◆ ASSIGNMENT ◆
Could you print the listing again exactly, omitting the pictures?

DATA PROVIDED START

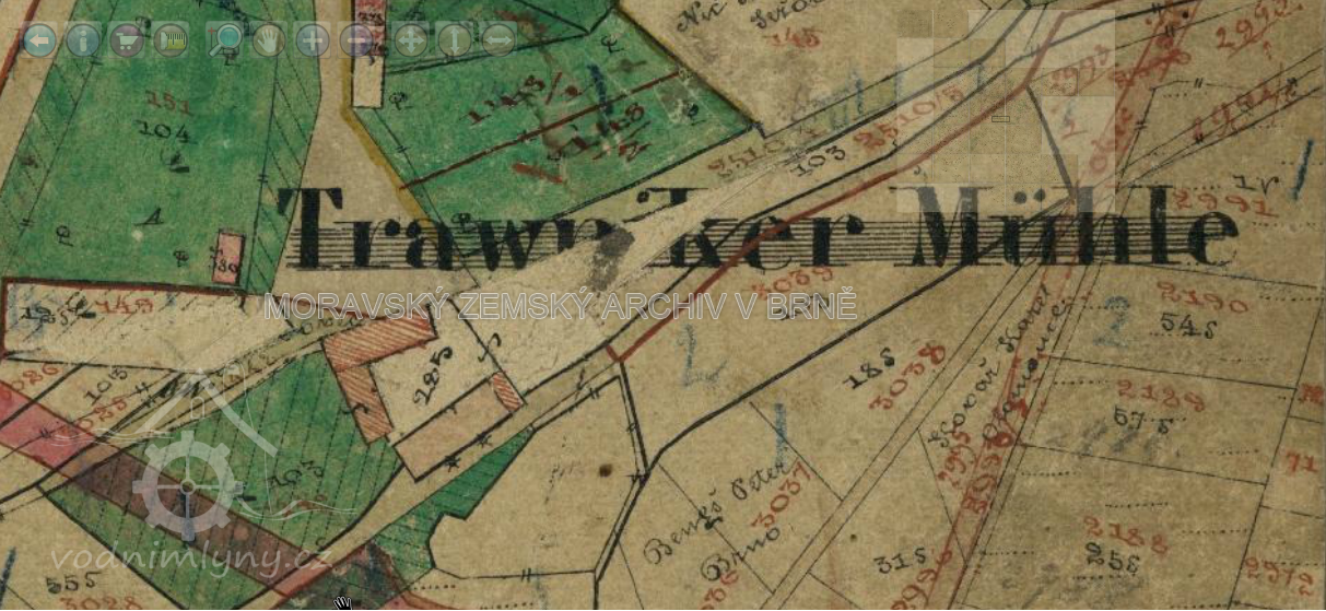 "1530 - Stál pod městem Kyjovem mlýn, zvaný Volkový, asi dnešní t. zv. Trávnický mlýn"
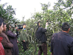 2007年4月4日合作社在成都市经济缓慢村蒲江县大兴镇米锅村展开春季杂柑管理技术培训会,到会人员达200多人,积极学习杂柑保花保果技术。 |
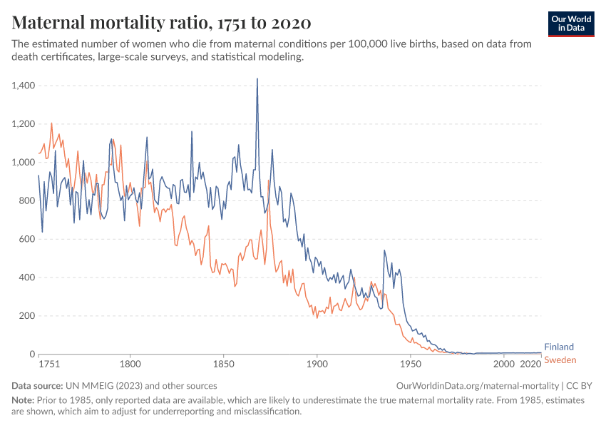 “Data Page: Maternal mortality ratio”, part of the following publication: Max Roser and Hannah Ritchie (2013) - “Maternal Mortality”. Data adapted from UN MMEIG (WHO, UNICEF, UNFPA, World Bank Group and UNDESA/ Population Division), WHO Mortality Database, United Nations, Gapminder. Retrieved from https://data-diet-americans.owid.pages.dev:8789/20260119-065148/grapher/maternal-mortality.html [online resource] (archived on January 19, 2026).

DATA PROVIDED END

◆ TASK SOLUTION ◆
 "1530 - Stál pod městem Kyjovem mlýn, zvaný Volkový, asi dnešní t. zv. Trávnický mlýn"
 2007年4月4日合作社在成都市经济缓慢村蒲江县大兴镇米锅村展开春季杂柑管理技术培训会,到会人员达200多人,积极学习杂柑保花保果技术。 |
 “Data Page: Maternal mortality ratio”, part of the following publication: Max Roser and Hannah Ritchie (2013) - “Maternal Mortality”. Data adapted from UN MMEIG (WHO, UNICEF, UNFPA, World Bank Group and UNDESA/ Population Division), WHO Mortality Database, United Nations, Gapminder. Retrieved from https://data-diet-americans.owid.pages.dev:8789/20260119-065148/grapher/maternal-mortality.html [online resource] (archived on January 19, 2026).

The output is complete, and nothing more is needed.